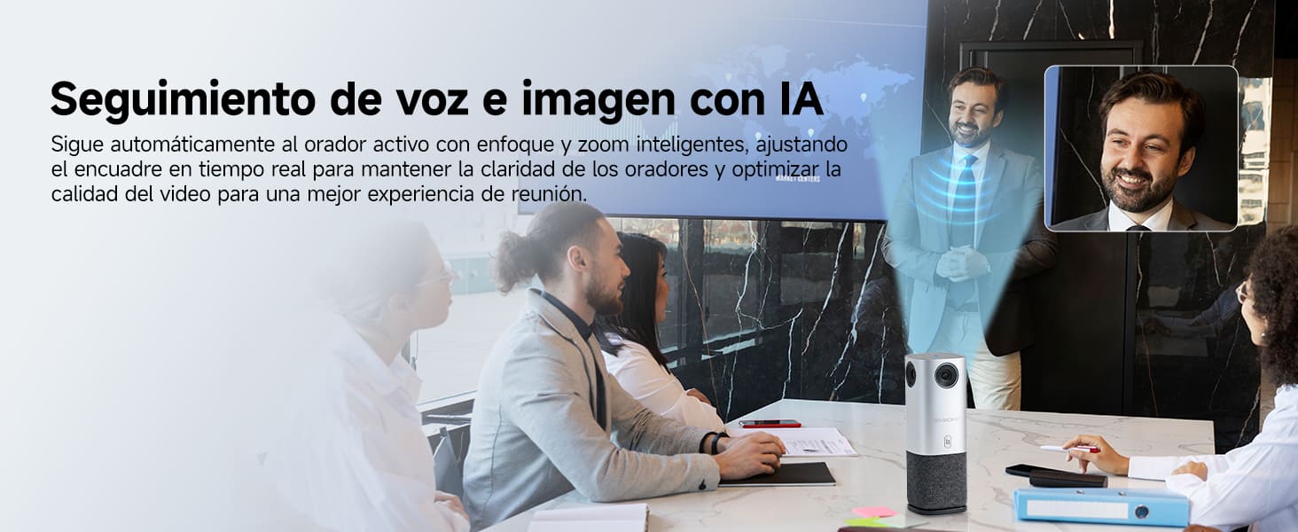 Seguimiento del orador con IA: Esta cámara para conferencias de 360° utiliza tecnología de posicionamiento de voz con IA y seguimiento de imagen para detectar la ubicación del orador en tiempo real, enfocarlo automáticamente y ajustar el enfoque y el encuadre automáticamente. El encuadre inteligente y la optimización de imagen garantizan una visibilidad clara para todos los oradores, creando una experiencia de reunión atractiva.
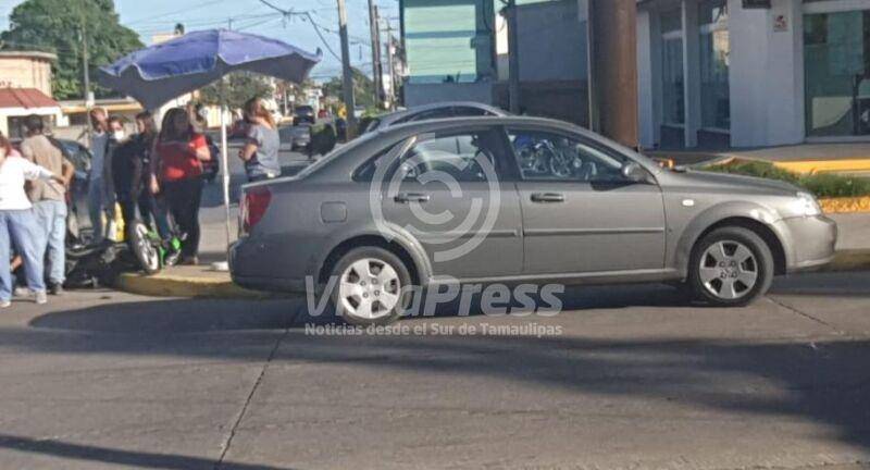 Elementos de Tránsito de Ciudad Madero llegaron al punto del choque solicitando la presencia de una ambulancia de Cruz Roja zona sur para valorar al herido.
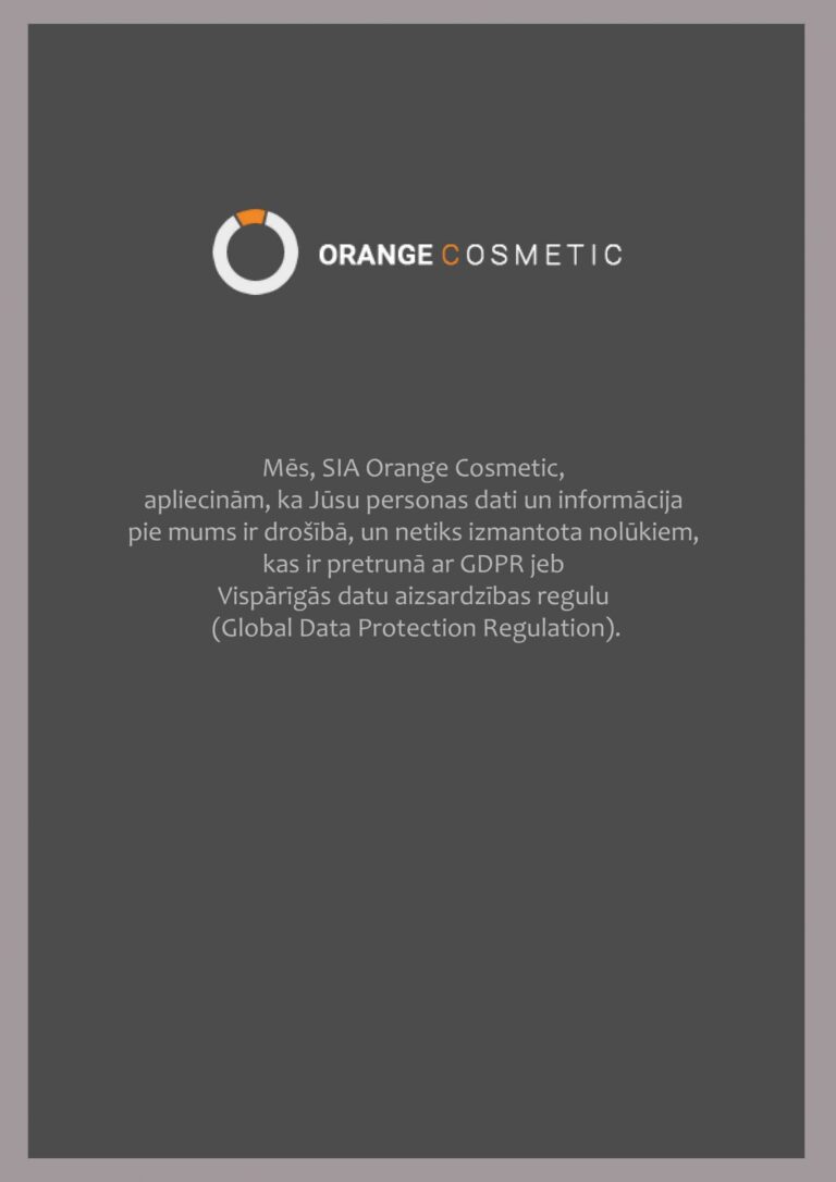 Mēs, SIA Orange Cosmetic, apliecinām, ka Jūsu personas dati un informācija pie mums ir drošībā, un netiks izmantota nolūkiem, kas ir pretrunā ar GDPR jeb Vispārīgās datu aizsardzības regulu. (Global Data Protection…
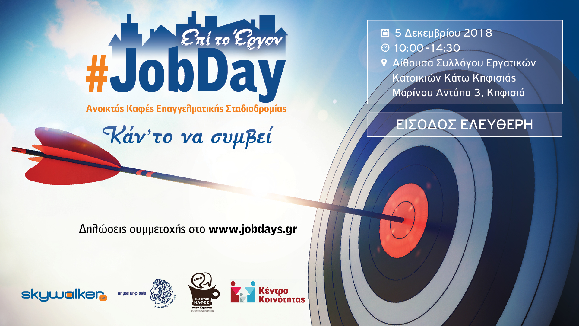 Το Τμήμα Επιχειρηματικότητας και Τουρισμού και το Κέντρο Κοινότητας του Δήμου Κηφισιάς σε συνεργασία με το skywalker.gr, διοργανώνουν τη Δράση «Ανοικτός Καφές Επαγγελματικής Σταδιοδρομίας#JobDay», ο οποίος θα πραγματοποιηθεί στην Αίθουσα Συλλόγου Εργατικών Κατοικιών, Μαρίνου Αντύπα 3 στην Κ.Κηφισιά.

━━━━━━━━━━

Write all the lines above out again exactly, minus the images.

 Seguimiento del orador con IA: Esta cámara para conferencias de 360° utiliza tecnología de posicionamiento de voz con IA y seguimiento de imagen para detectar la ubicación del orador en tiempo real, enfocarlo automáticamente y ajustar el enfoque y el encuadre automáticamente. El encuadre inteligente y la optimización de imagen garantizan una visibilidad clara para todos los oradores, creando una experiencia de reunión atractiva.
 Elementos de Tránsito de Ciudad Madero llegaron al punto del choque solicitando la presencia de una ambulancia de Cruz Roja zona sur para valorar al herido.
 Mēs, SIA Orange Cosmetic, apliecinām, ka Jūsu personas dati un informācija pie mums ir drošībā, un netiks izmantota nolūkiem, kas ir pretrunā ar GDPR jeb Vispārīgās datu aizsardzības regulu. (Global Data Protection…
 Το Τμήμα Επιχειρηματικότητας και Τουρισμού και το Κέντρο Κοινότητας του Δήμου Κηφισιάς σε συνεργασία με το skywalker.gr, διοργανώνουν τη Δράση «Ανοικτός Καφές Επαγγελματικής Σταδιοδρομίας#JobDay», ο οποίος θα πραγματοποιηθεί στην Αίθουσα Συλλόγου Εργατικών Κατοικιών, Μαρίνου Αντύπα 3 στην Κ.Κηφισιά.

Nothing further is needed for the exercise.